• _Exercise goal_
Transcribe the entries exactly. Start at the top, stop after the line with "Sancta Dei Genitrix.", and omit every picture.

----

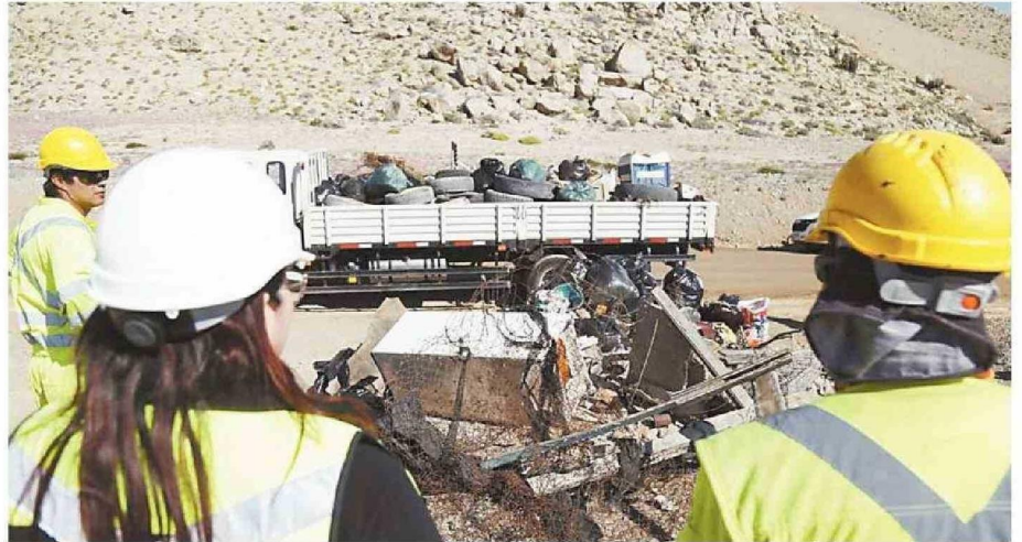
INSTANCIA NACE DE UN TRABAJO COLABORATIVO CON CONAF Y VIALIDAD, Y DE LOS EQUIPOS MUNICIPALES DE LA DIRECCIÓN DE OPERACIONES.
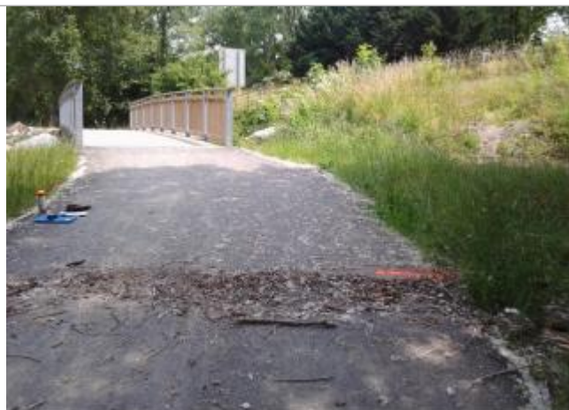
Vue du repère (le trait orange représente la limite de l'inondation)
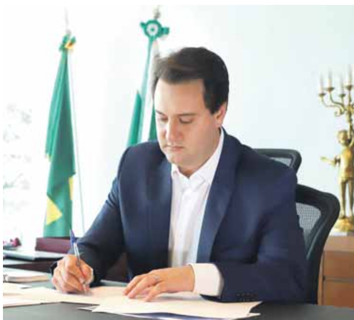
Governador promove mudanças na equipe

Nesta quarta-feira (21) foi anunciado o primeiro nome, na Secretaria Segurança Pública do Estado: o coronel Hudson Leônico Teixeira, que até então era comandante-geral da Polícia Militar do Paraná (PMPR). Nesta quinta também foi confirmado
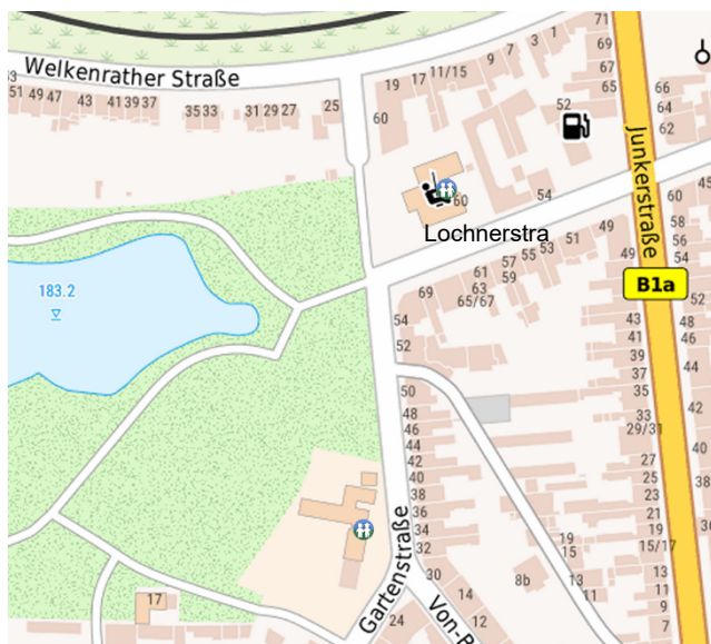
Ausschnitt aus dem GIS

Das Bebauungsplanverfahren ruht derzeit.
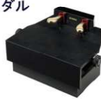
吉澤 ピアノ補助台 AX-SZ又は同等品

高さ ①14cm ④21.5cm ②17.5cm ⑤23.5cm ③20cm ⑥24.5cm
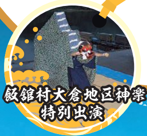
飯館村大倉地区神楽 特別出演
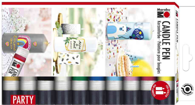
Peinture pour bougies "Candle Pen", set de 10
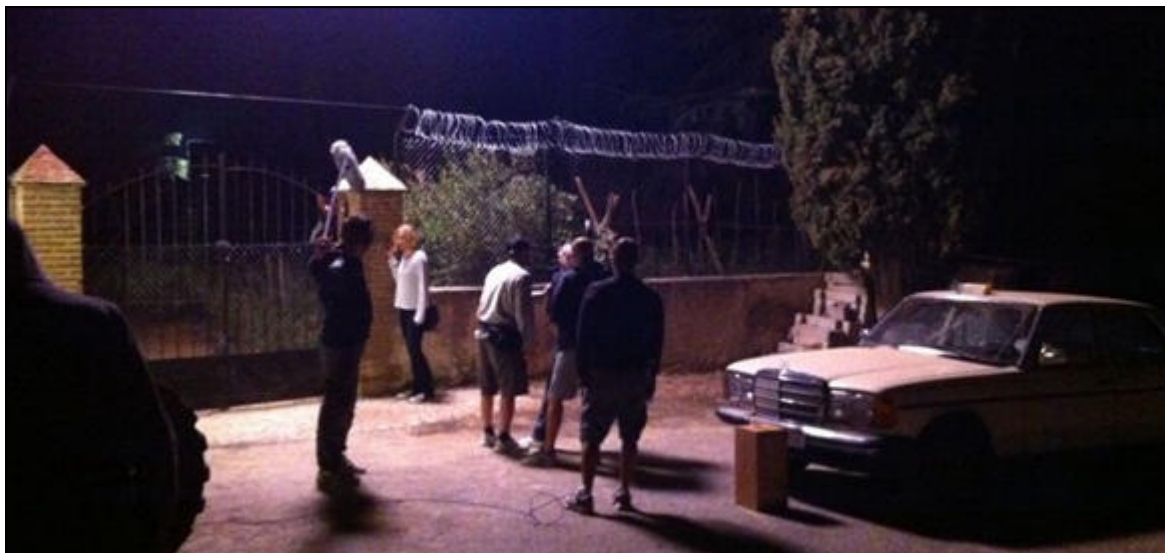
Momento del rodaje "Un lugar en el sol"
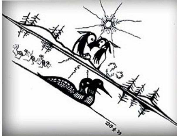
'Lake Romance' by Zhaawano Giizhik
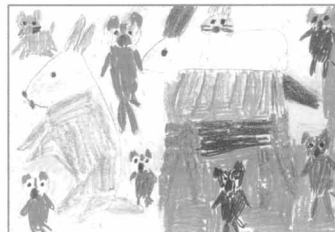
▲じょいわーくの利用者 K.Kさん作
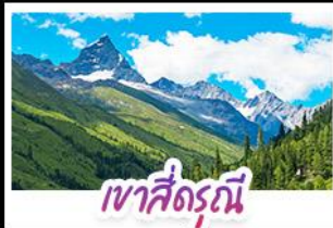
เขาสี่ธรณี
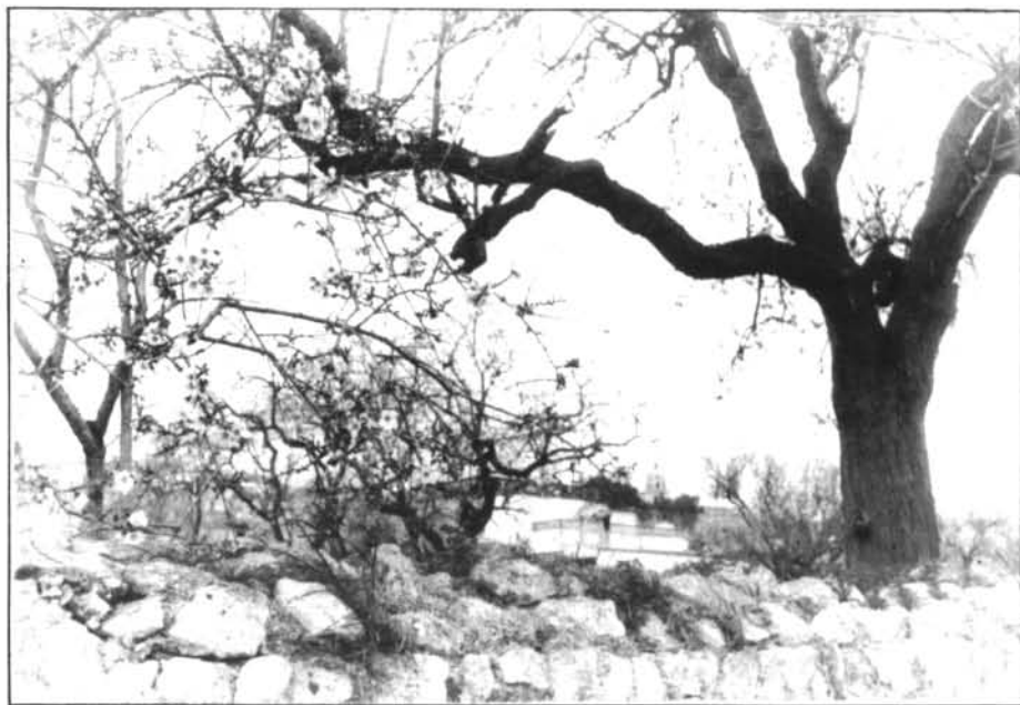
Prop del poble podem veure aquest ametler florit.

També comercialitza productes de les multinacionals
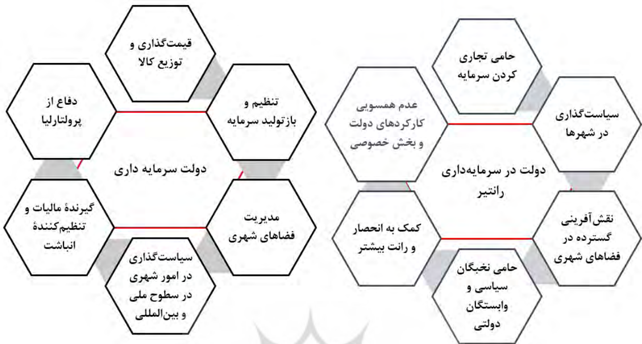
تصویر ۲. دولت در نظام سرمایه‌داری و سرمایه‌داری رانتیر.

همچنین فضا را از ساکنین شهر گرفته و بازتولیدی جدیدی ایجاد نموده که روزبه‌روز شاهد ازدست‌دادن فضاهای عمومی به معنای واقعی خود هستیم. فضاهایی که با دگرپسویی مواجه و به فضاهای بسته و کنترل‌شده مبدل شدند. فضاهای عمومی شهری به دلیل کنترل مناسبات رفتاری مردم، تجاری شده است. مانند پارک آب و آتش، و سیاست‌های نانوشته شهری شکلی از توسعه فضا را ایجاد کرده که متعاقب آن شکل خاصی از رفتار را می‌طلبد.
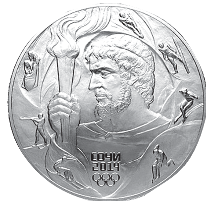
Золотая монета «Прометей» номиналом 10 000 рублей.

В рамках этой серии изготовят также и монеты из недорогих металлов номиналом 25 рублей. Но это — в скором будущем. А остальные олимпийские рубли коллекционеры уже могут искать.
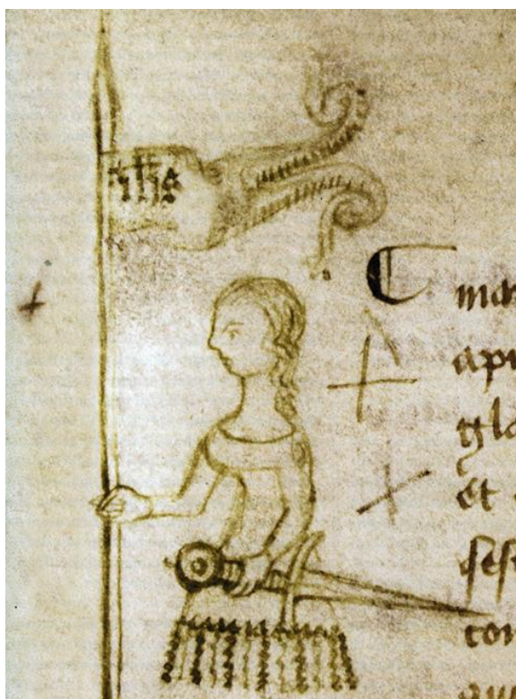
Miniature représentant Jeanne d'Arc arborant sa bannière 18 .
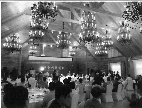
△ 개막식(3층 연회장)
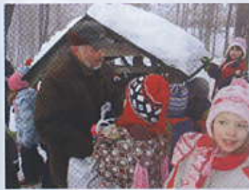
Odborný výklad o zimní péči myslivců.

Snahou myslivců je udržet takzvaný kmenový stav zvěře v honitbě a její zdravotní stav. V zimním období přikrmujeme srně hlavně senem a ovsem, u krmelců je potřebná sůl, v zásypech pak probažanty a jiné ptačtvo pšenice. V případě podezření na nějakou nemoc zvěře
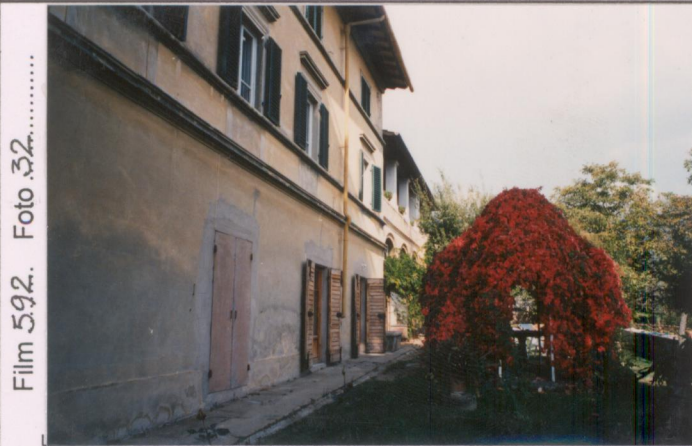
Film 592. Foto 32.....
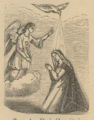
Sancta Dei Genitrix.
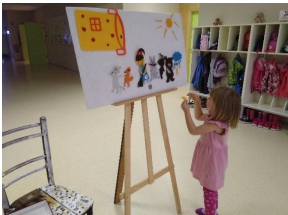
Fotografija 26: Teden otroka v Vrtcu Žužemberk. Tudi otroci so se poskusili v pripovedovanju.
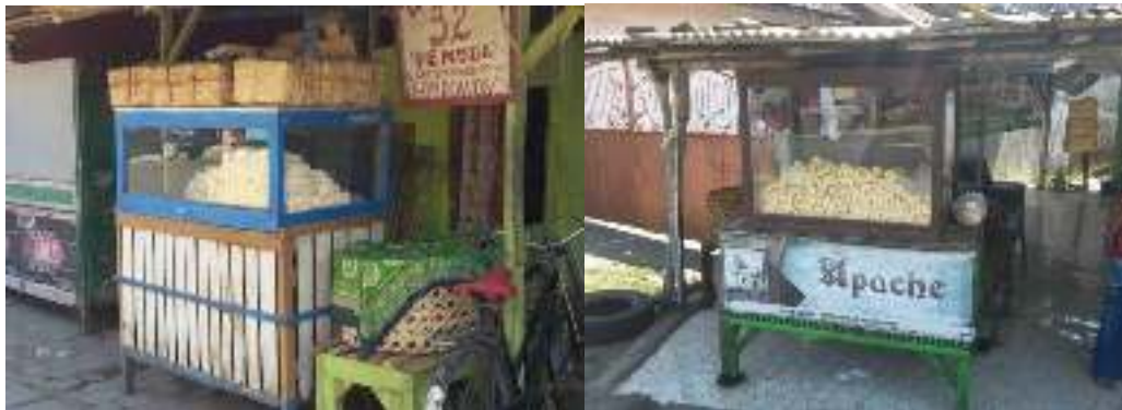
Gambar 1. Kios pedagang tape singkong di Desa Karanganyar

Desa Karanganyar adalah sebuah desa yang terletak di Kecamatan Paiton Kabupaten Probolinggo Propinsi Jawa Timur. Penduduknya sebagian besar berprofesi menjadi petani dan sebagian lainnya menjadi pedagang. Pedagang yang saat ini memberikan daya tarik bagi warga setempat adalah berjualan tape singkong warna kuning. Peluang tambahan pendapatan yang lumayan besar dari berdagang tape, karena tempat berjualannya yang sangat strategi, yaitu dekat pondok pesantren Nurul Jadid, sekolah (SD, SMP, SMA), pasar, dan pinggir jalan raya Provinsi Jawa timur yang menuju kearah pulau Bali. Rata-rata penjualan tape di para pedagang ini sekitar 5 ton per hari. Gambar sebagian kecil pedagang tape singkong di Desa Karanganyar yang berjualan di Desa Karanganyar diperlihatkan pada Gambar 1.
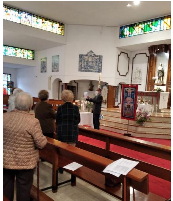
Comitium Ntra. Sra. de la Soledad – Badajoz
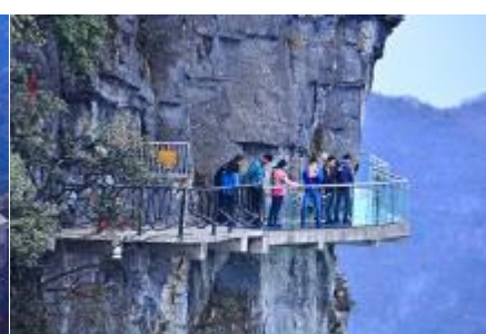
หน้าผาลอยฟ้าทางเดินกระจก
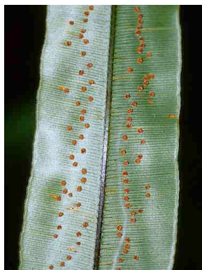
178 Oleandra PTERIDOPHYTA
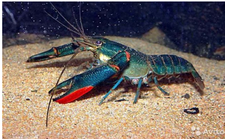
Рисунок 1. Австралийский красноклешневый рак

Отличительная черта рака - яркая окраска, типичная для тропических видов, которая колеблется от темно-коричневого до сине-зеленого (рис. 1). Взрослые самцы имеют заметные красные полосы на внешних краях клешней, давшие название животным. Раки способны достигать веса 600 г и длины 40 см. Самки меньше самцов. До наступления половой зрелости проходит от 6 до 12 мес. в оптимальных условиях выращивания. Самки производят от 300 до 800 икринок. Инкубационный период занимает около шести недель.

----

• _Solution for this exercise_
INSTANCIA NACE DE UN TRABAJO COLABORATIVO CON CONAF Y VIALIDAD, Y DE LOS EQUIPOS MUNICIPALES DE LA DIRECCIÓN DE OPERACIONES.
Vue du repère (le trait orange représente la limite de l'inondation)
Governador promove mudanças na equipe

Nesta quarta-feira (21) foi anunciado o primeiro nome, na Secretaria Segurança Pública do Estado: o coronel Hudson Leônico Teixeira, que até então era comandante-geral da Polícia Militar do Paraná (PMPR). Nesta quinta também foi confirmado
Ausschnitt aus dem GIS

Das Bebauungsplanverfahren ruht derzeit.
吉澤 ピアノ補助台 AX-SZ又は同等品

高さ ①14cm ④21.5cm ②17.5cm ⑤23.5cm ③20cm ⑥24.5cm
飯館村大倉地区神楽 特別出演
Peinture pour bougies "Candle Pen", set de 10
Momento del rodaje "Un lugar en el sol"
'Lake Romance' by Zhaawano Giizhik
▲じょいわーくの利用者 K.Kさん作
เขาสี่ธรณี
Prop del poble podem veure aquest ametler florit.

També comercialitza productes de les multinacionals
تصویر ۲. دولت در نظام سرمایه‌داری و سرمایه‌داری رانتیر.

همچنین فضا را از ساکنین شهر گرفته و بازتولیدی جدیدی ایجاد نموده که روزبه‌روز شاهد ازدست‌دادن فضاهای عمومی به معنای واقعی خود هستیم. فضاهایی که با دگرپسویی مواجه و به فضاهای بسته و کنترل‌شده مبدل شدند. فضاهای عمومی شهری به دلیل کنترل مناسبات رفتاری مردم، تجاری شده است. مانند پارک آب و آتش، و سیاست‌های نانوشته شهری شکلی از توسعه فضا را ایجاد کرده که متعاقب آن شکل خاصی از رفتار را می‌طلبد.
Золотая монета «Прометей» номиналом 10 000 рублей.

В рамках этой серии изготовят также и монеты из недорогих металлов номиналом 25 рублей. Но это — в скором будущем. А остальные олимпийские рубли коллекционеры уже могут искать.
Miniature représentant Jeanne d'Arc arborant sa bannière 18 .
△ 개막식(3층 연회장)
Odborný výklad o zimní péči myslivců.

Snahou myslivců je udržet takzvaný kmenový stav zvěře v honitbě a její zdravotní stav. V zimním období přikrmujeme srně hlavně senem a ovsem, u krmelců je potřebná sůl, v zásypech pak probažanty a jiné ptačtvo pšenice. V případě podezření na nějakou nemoc zvěře
Film 592. Foto 32.....
Sancta Dei Genitrix.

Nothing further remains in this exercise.